## Task to carry out
Lower down are entries containing pictures. Copy exactly, without those pictures, the lines from the line with "Dieses 4-CD-Boxset des" through the line with "你需要在电脑屏上全屏(如果是".

## Input data

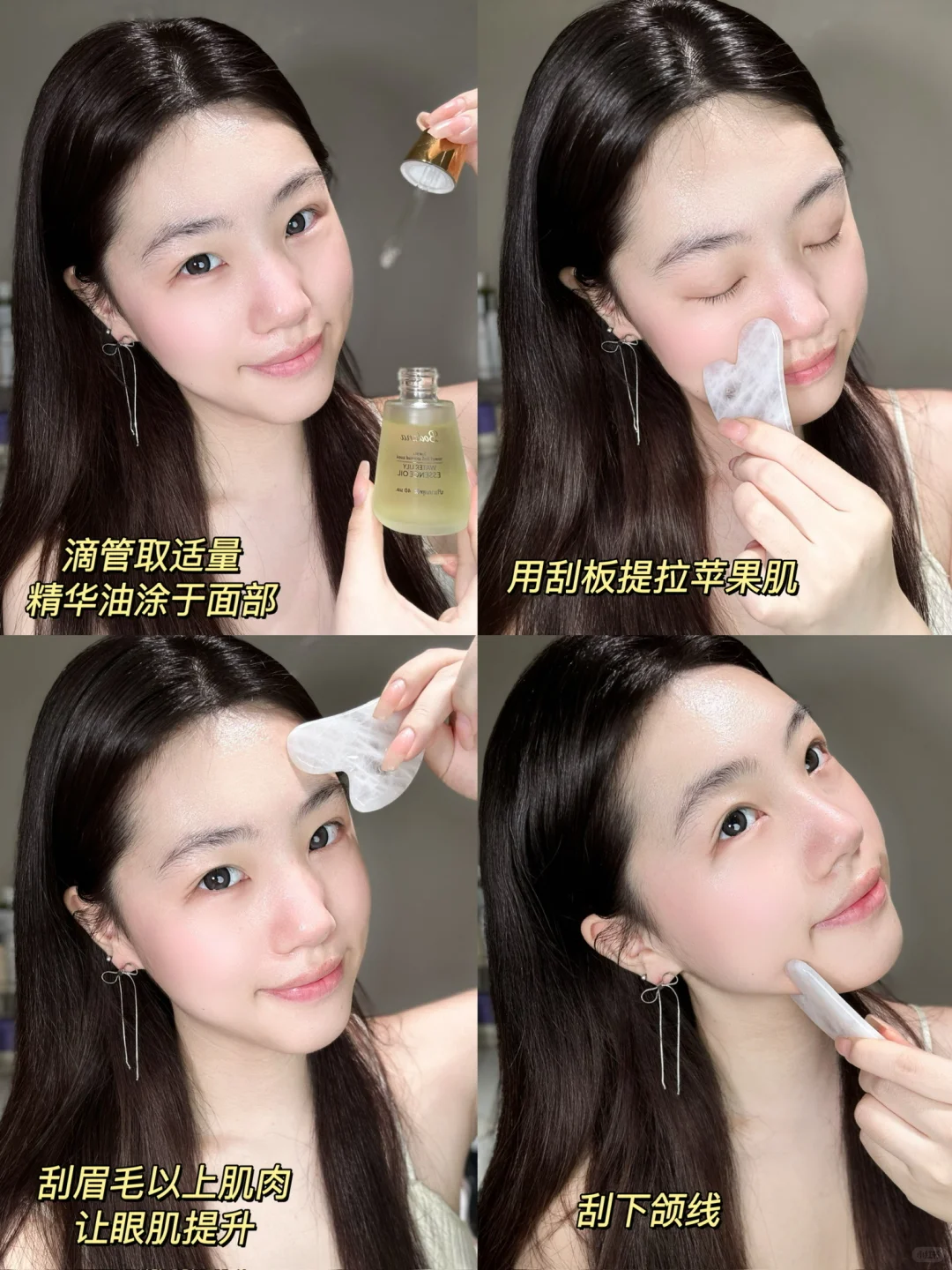 2️⃣使用面霜、ru液时,滴入1-2滴精华油,均匀后涂抹在面部
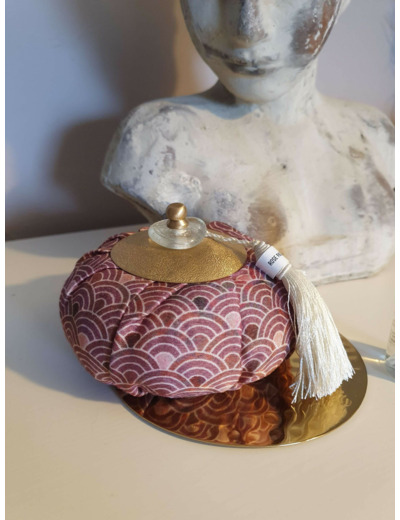 Dans un tissu surmonté d'un ornement en métal travaillé avec une joli perle , cette aumônière parfume votre pièce pendant 5 à 6 mois grace aux petites pierres de lave imprégnées de parfum qui se cachent à l'intérieur .
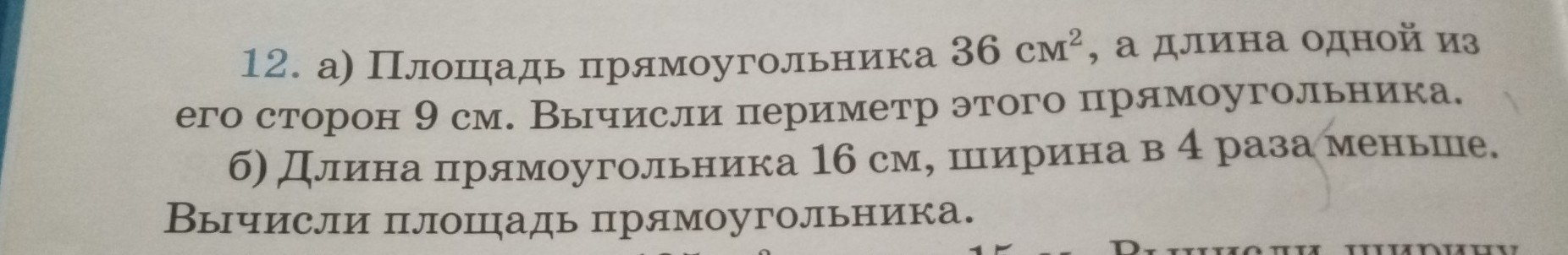 площадь прямоугольника 36см в квадрате,а длинна одной из его сторон 9см. сделайте а,б
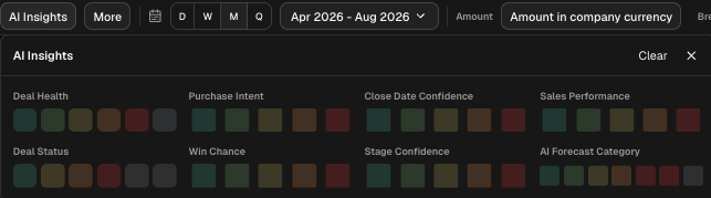 - AI Insights. open the full grid of AI Analysis categories: Deal Health, Purchase Intent, Close Date Confidence, Sales Performance, Deal Status, Win Chance, Stage Confidence, and AI Forecast Category.
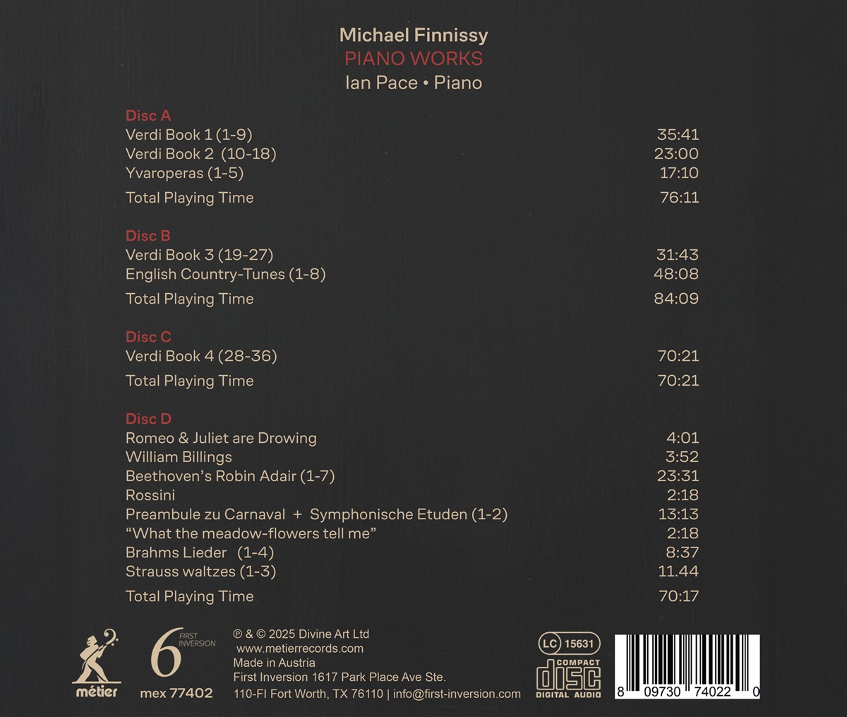 Dieses 4-CD-Boxset des Pianisten Ian Pace präsentiert Musik des Komponisten Michael Finnissy (* 1946). Finnissy gilt weithin als einer der bedeutendsten lebenden Komponisten Großbritanniens. Pace, einer der führenden Interpreten von Finnissys Werken, präsentiert ein Album, das sich um Finnissys epischen Zyklus für Klavier, die „Verdi Transcriptions“, dreht, zusammen mit der zweiten vollständigen Aufnahme (nach der des Komponisten selbst) der ikonischen „English Country-Tunes“ und Werken, die von der Musik des späten 18. und 19. Jahrhunderts inspiriert sind. Das Ergebnis ist ein umfassender Überblick über Finnissys umfangreiches Klavierwerk im Zusammenhang mit der romantischen Ästhetik. Das Album erscheint im Vorfeld der Feierlichkeiten zum 80. Geburtstag von Michael Finnissy im Jahr 2026. Finnissys Zyklus „Verdi Transcriptions“ interpretiert Verdis Opern aus einer modernen Perspektive neu – das Ergebnis ist ein monumentales, spätromantisches Epos. Finnissys „English Country-Tunes“ gilt seit langem als eines seiner charakteristischsten und technisch anspruchsvollsten Werke. Ian Pace spiegelt in seiner Interpretation jahrzehntelange Studien wider: Er spielte „English Country-Tunes“ erstmals in den 1990er Jahren und hat Finnissys gesamtes Klavierwerk in Zyklen aufgeführt (1996 und 2016). Das Set enthält ausführliche Begleittexte von Pace und Finnissy, die seltene Einblicke in die kompositorischen Ideen und interpretatorischen Entscheidungen hinter diesen anspruchsvollen Werken geben.
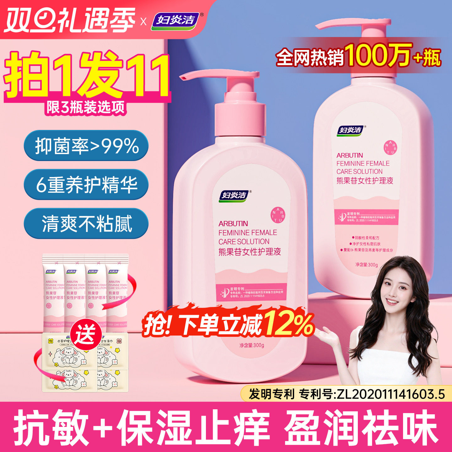 抑菌率>99% 抗敏+保湿专利 盈润祛味 亮肤
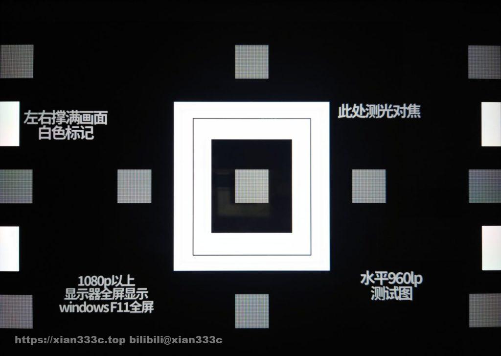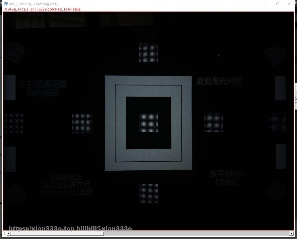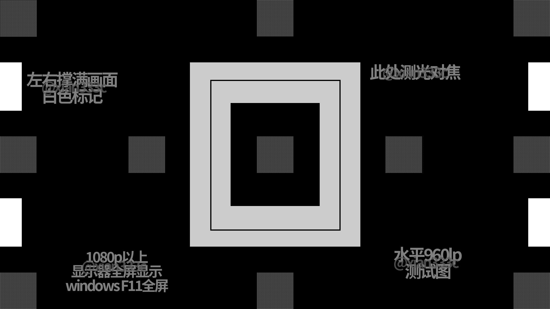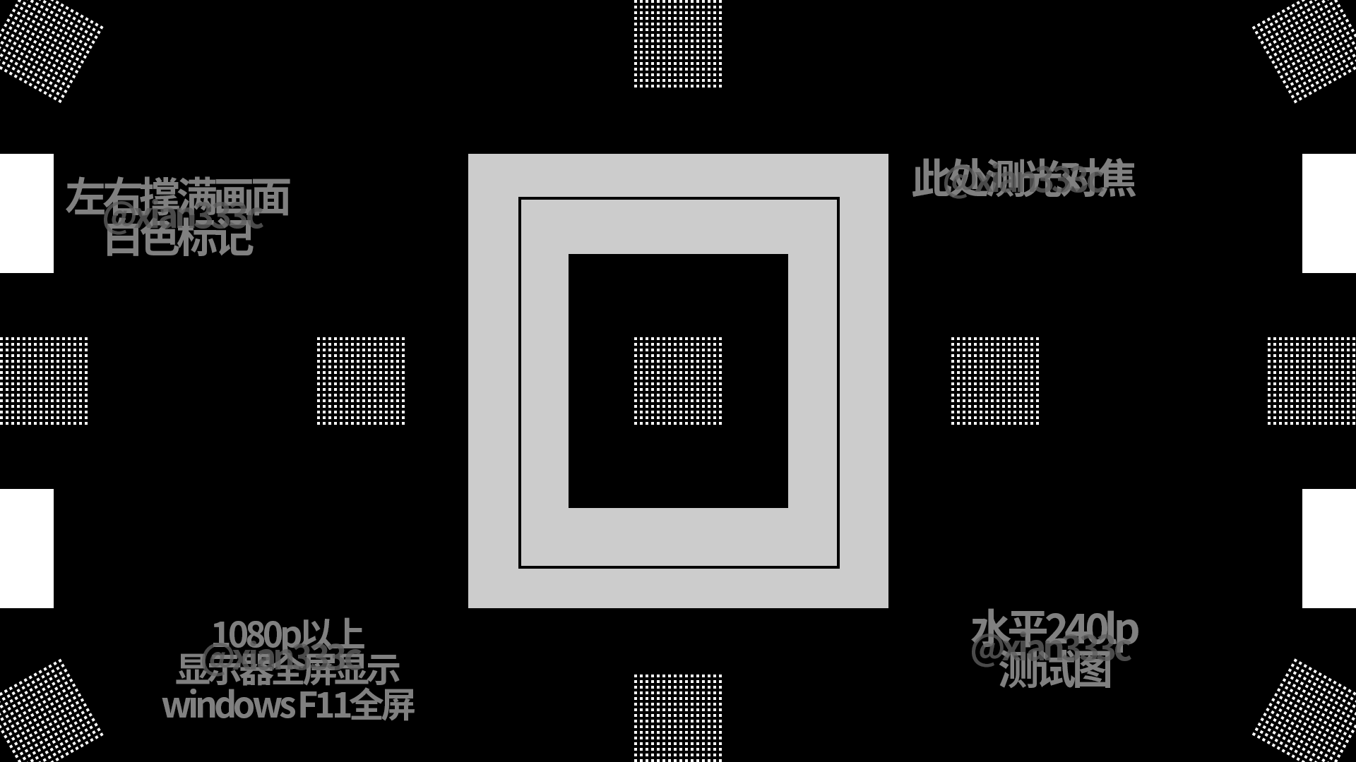 你需要在电脑屏上全屏(如果是1080p显示屏)或者1:1或者2:1显示测试图像,并使用第三方app对显示屏拍摄RAW图像。将以下测试图像打开并另存为png,并将显示屏亮度最高在没有杂光干扰(关灯就行)后使用。注意快门时间不能太长(图像会模糊)并最好找到肢体依靠稳定或者三脚架。
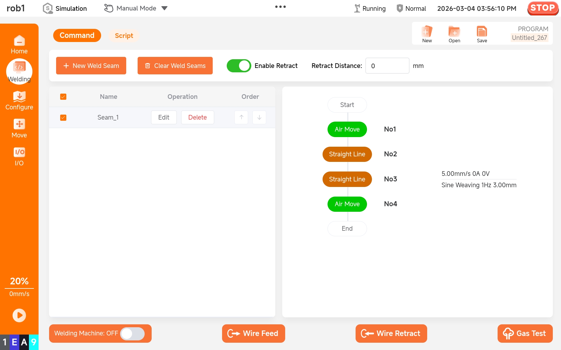 *Welding Machine: Turn the welding machine switch to "ON" to establish communication between the welding machine and the robot arm. Once the welding route is determined, click the start program button to begin welding. *Wire Feed: Turn the welding machine switch to "ON," click [Wire Feed] button, and the welding wire will be fed through the welding torch. *Wire Retract: Turn the welding machine switch to "ON," click [Wire Retract] button, and the welding wire will be retracted through the welding torch. *Gas Test: Turn the welding machine switch to "ON," click [Gas Detection] button, and the gas will be sent out from the welding torch.
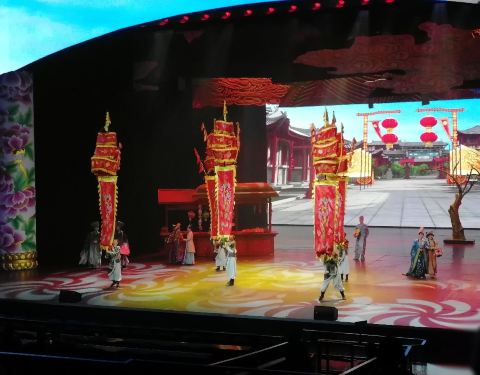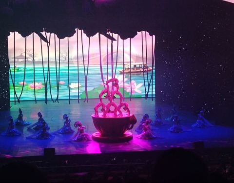 导演把清明上河图和杂技融合在一起,展现给观众一场非常好看的演出。舞台会上升下降,还会旋转,很有心意。演员空中飞舞,扣人心弦,值得夸奖。
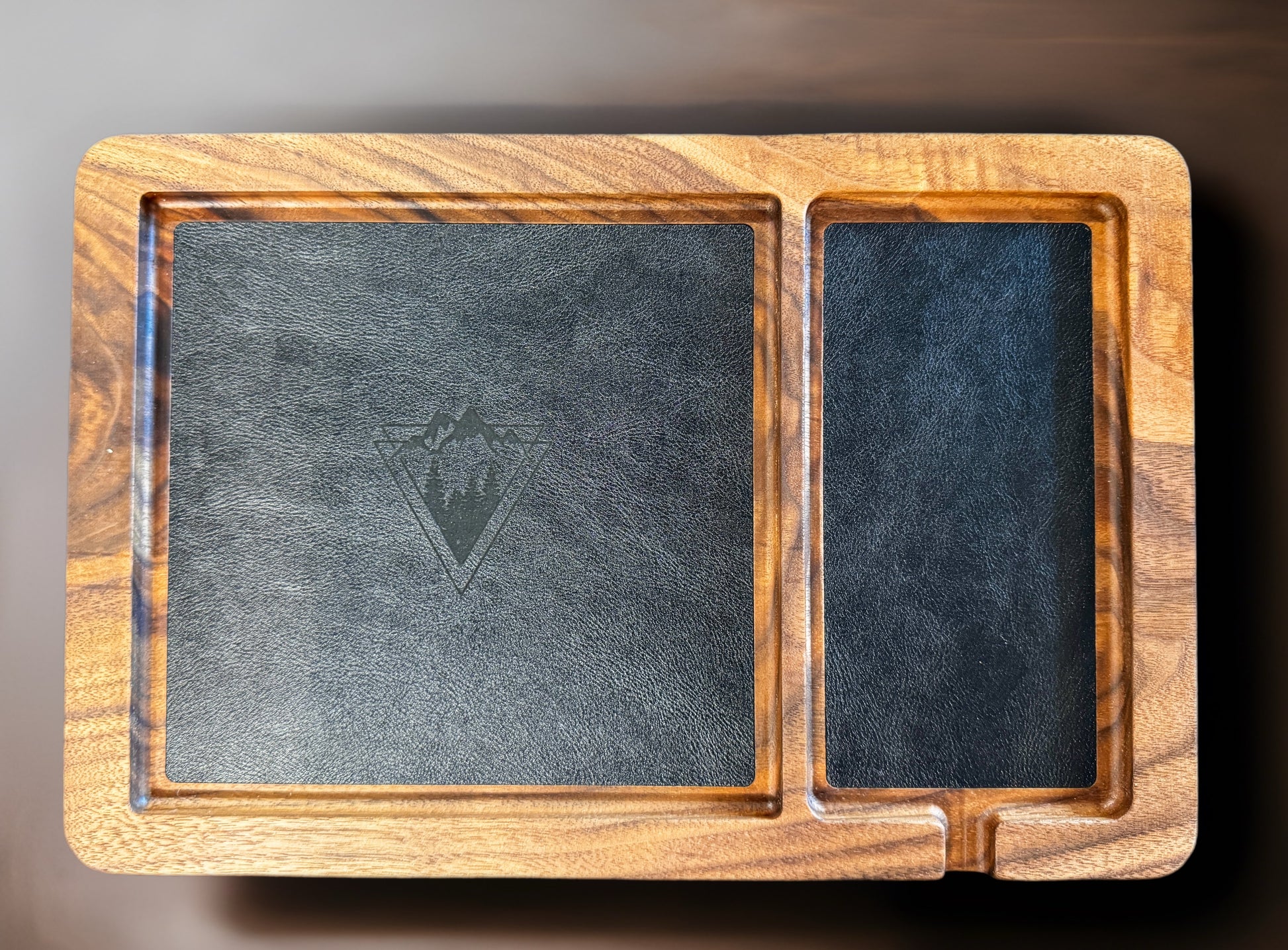 These every-day carry trays are designed to elegantly organize your essentials in style. Handcrafted from premium solid woods and accented with a sleek leather inlayed base, this tray exudes sophistication and functionality.
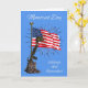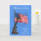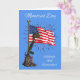 Show your patriotism on Memorial Day with a card featuring combat boots and a military rifle leaning against an American flag in front of fireworks with a message of celebrate and remember. Background is a blue with white text.
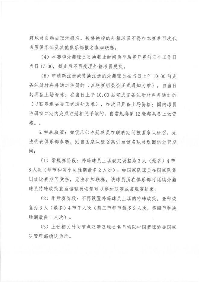 最后还有个“ 特殊政策 ”,是关于国家队球员的:假如球员在联赛期间被国家队征召,在此期间,该俱乐部的外援上场人次调整为“3人4节8人次(每节和每个决胜期最多2人次)”,仅限常规赛阶段。
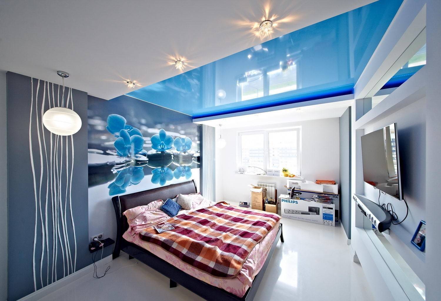 Хорошо подходят голубые, синие, бежевые тона, настраивающие на отдых. Не стоит подбирать яркие цвета или контрастные сочетания. Если хочется чего-то необычного, можно заказать «звёздное небо» или неброскую фотопечать.
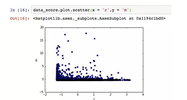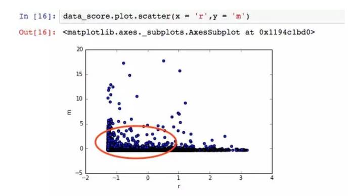 散点图上暂时看不出用户分群的规律,只能初步判断,大部分的数据呈集中趋势。

## Result
 Dieses 4-CD-Boxset des Pianisten Ian Pace präsentiert Musik des Komponisten Michael Finnissy (* 1946). Finnissy gilt weithin als einer der bedeutendsten lebenden Komponisten Großbritanniens. Pace, einer der führenden Interpreten von Finnissys Werken, präsentiert ein Album, das sich um Finnissys epischen Zyklus für Klavier, die „Verdi Transcriptions“, dreht, zusammen mit der zweiten vollständigen Aufnahme (nach der des Komponisten selbst) der ikonischen „English Country-Tunes“ und Werken, die von der Musik des späten 18. und 19. Jahrhunderts inspiriert sind. Das Ergebnis ist ein umfassender Überblick über Finnissys umfangreiches Klavierwerk im Zusammenhang mit der romantischen Ästhetik. Das Album erscheint im Vorfeld der Feierlichkeiten zum 80. Geburtstag von Michael Finnissy im Jahr 2026. Finnissys Zyklus „Verdi Transcriptions“ interpretiert Verdis Opern aus einer modernen Perspektive neu – das Ergebnis ist ein monumentales, spätromantisches Epos. Finnissys „English Country-Tunes“ gilt seit langem als eines seiner charakteristischsten und technisch anspruchsvollsten Werke. Ian Pace spiegelt in seiner Interpretation jahrzehntelange Studien wider: Er spielte „English Country-Tunes“ erstmals in den 1990er Jahren und hat Finnissys gesamtes Klavierwerk in Zyklen aufgeführt (1996 und 2016). Das Set enthält ausführliche Begleittexte von Pace und Finnissy, die seltene Einblicke in die kompositorischen Ideen und interpretatorischen Entscheidungen hinter diesen anspruchsvollen Werken geben.
 抑菌率>99% 抗敏+保湿专利 盈润祛味 亮肤
 你需要在电脑屏上全屏(如果是1080p显示屏)或者1:1或者2:1显示测试图像,并使用第三方app对显示屏拍摄RAW图像。将以下测试图像打开并另存为png,并将显示屏亮度最高在没有杂光干扰(关灯就行)后使用。注意快门时间不能太长(图像会模糊)并最好找到肢体依靠稳定或者三脚架。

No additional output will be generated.